Please tell me why benchmark performance dropped.

Thanks.

Regards.

Aither.

  • Part Number: AM5728

    Tool/software: Code Composer Studio

    Hi, kind TI and every one,

    I'd like to know the possible reasons of why there is differences in performance when use or not use Cache in ti\vlib_c66x_3_3_2_0\examples\Regression.

    Thanks.

    Regards.

    Aither.

  • AIther,

    Can you provide the map file from your build for the DDR test case with the cache enabled. The code you are using for Cache is enable MAR bit 64, 128 and 129 which corresponds to following regions:

    4000 0000h - 40FF FFFF
    8000 0000h - 80FF FFFFh
    8100 0000h - 81FF FFFFh

    SO you need to ensure that the code/data sections are placed in that region. ALso, big is your code, is it larger than 128 KB ?

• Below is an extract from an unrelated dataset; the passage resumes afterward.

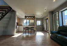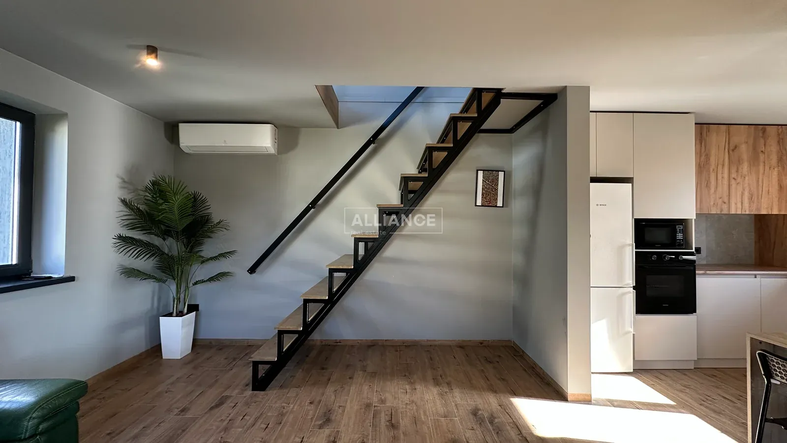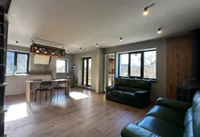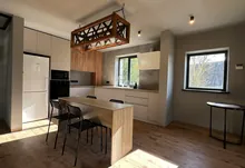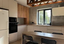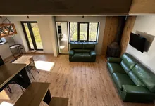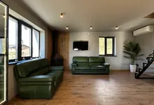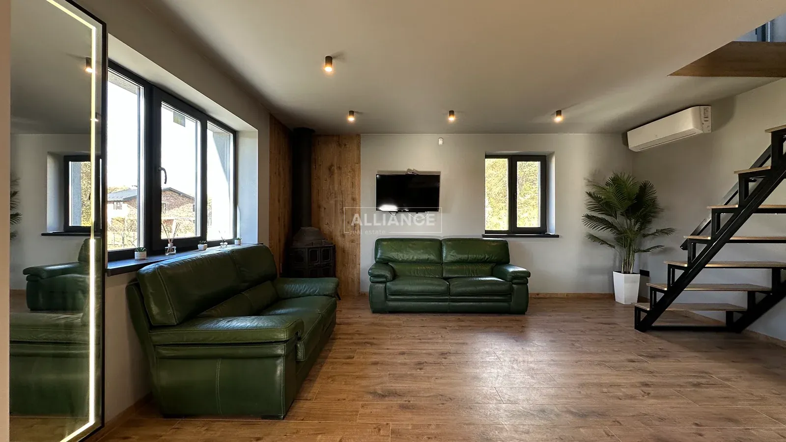 -1 поверх 35м. кухня вітальна, 2 шкіряних дивани (1 розкладний), телевізор 45 дюймів, твердопаливний камін з рукавом на другий поверх, кондиціонер до -20, посудомийна машина, індукційна плита, духова шафа, мікрохвильова піч, витяжка, холодильник, також встановимо нову кухню.

    There are several great training materials to understand the impact of cache on performance and strategies to use cache optimally. you can checkout the C6000 embedded workshop section on cache :
    processors.wiki.ti.com/.../C6000_Embedded_Design_Workshop

    The C66x Cache user guide is also great resource for this topic.

    Regards
    Rahul
  • Hi, Rahul

    First, thanks for your reply.

    C:\ti\processor_sdk_rtos_am57xx_5_00_00_15\demos\audio-benchmark-starterkit\BenchmarkProjects\Benchmark_FFT_idkAM572x_c66ExampleProject\Release\Benchmark_FFT_idkAM572x_c66ExampleProject.map:

    MEMORY CONFIGURATION

    name origin length used unused attr fill
    ---------------------- -------- --------- -------- -------- ---- --------
    L2SRAM 00800000 00040000 00000480 0003fb80 RW X
    OCMC_RAM1 40300000 00080000 00000000 00080000 RWIX
    OCMC_RAM2 40400000 00100000 00000000 00100000 RWIX
    OCMC_RAM3 40500000 00100000 00000000 00100000 RWIX
    DDR0 80000000 40000000 00022560 3ffddaa0 RWIX


    SEGMENT ALLOCATION MAP

    run origin load origin length init length attrs members
    ---------- ----------- ---------- ----------- ----- -------
    00800000 00800000 00000480 00000480 r-x
    00800000 00800000 00000480 00000480 r-x .kernel
    80000000 80000000 0000c000 00000000 rw-
    80000000 80000000 0000c000 00000000 rw- .stack
    8000c000 8000c000 00009c80 00009c80 r-x
    8000c000 8000c000 00009c80 00009c80 r-x .text
    80015c80 80015c80 0000c0ac 00000000 rw-
    80015c80 80015c80 00008000 00000000 rw- .sysmem
    8001dc80 8001dc80 00003cd0 00000000 rw- .far
    80021950 80021950 000003dc 00000000 rw- .fardata
    80021d30 80021d30 000002f8 000002f8 r--
    80021d30 80021d30 000002f8 000002f8 r-- .const
    80022028 80022028 00000174 00000000 rw-
    80022028 80022028 00000120 00000000 rw- .cio
    80022148 80022148 00000054 00000000 rw- .bss
    8002219c 8002219c 00000048 00000048 r--
    8002219c 8002219c 00000048 00000048 r-- .switch
    800221e8 800221e8 00000160 00000160 r--
    800221e8 800221e8 00000160 00000160 r-- .cinit
    80022400 80022400 00000220 00000220 r-x
    80022400 80022400 00000220 00000220 r-x .csl_vect

    ...

    My map file is:

    /cfs-file/__key/communityserver-discussions-components-files/791/Benchmark_5F00_FFT_5F00_idkAM572x_5F00_c66ExampleProject.map.txt

    As above, all code at .text, and .text size is 0x9c80(39.125KB).

    And I checked C6000_Embedded_Design_Workshop for several times, but I could not find any problem.

     

    Please help me to solve this problem.

     

    Thanks again.

    Regards.

    Aither.

  • p aither said:

    #define TEST_BUFF_SZ 8*1024*1024

    #pragma DATA_ALIGN(a, CACHE_L2_LINESIZE)
    #pragma DATA_ALIGN(b, CACHE_L2_LINESIZE)
    #pragma DATA_ALIGN(c, CACHE_L2_LINESIZE)

    static short a[TEST_BUFF_SZ], b[TEST_BUFF_SZ], c[TEST_BUFF_SZ];

    These 3 buffers will consume 48MB of memory.  Why don't I see them in your map file?  The MAR sections correspond to 16MB regions of DDR, so you would need to have 5 minimum to cover all of your code and data with those giant arrays defined.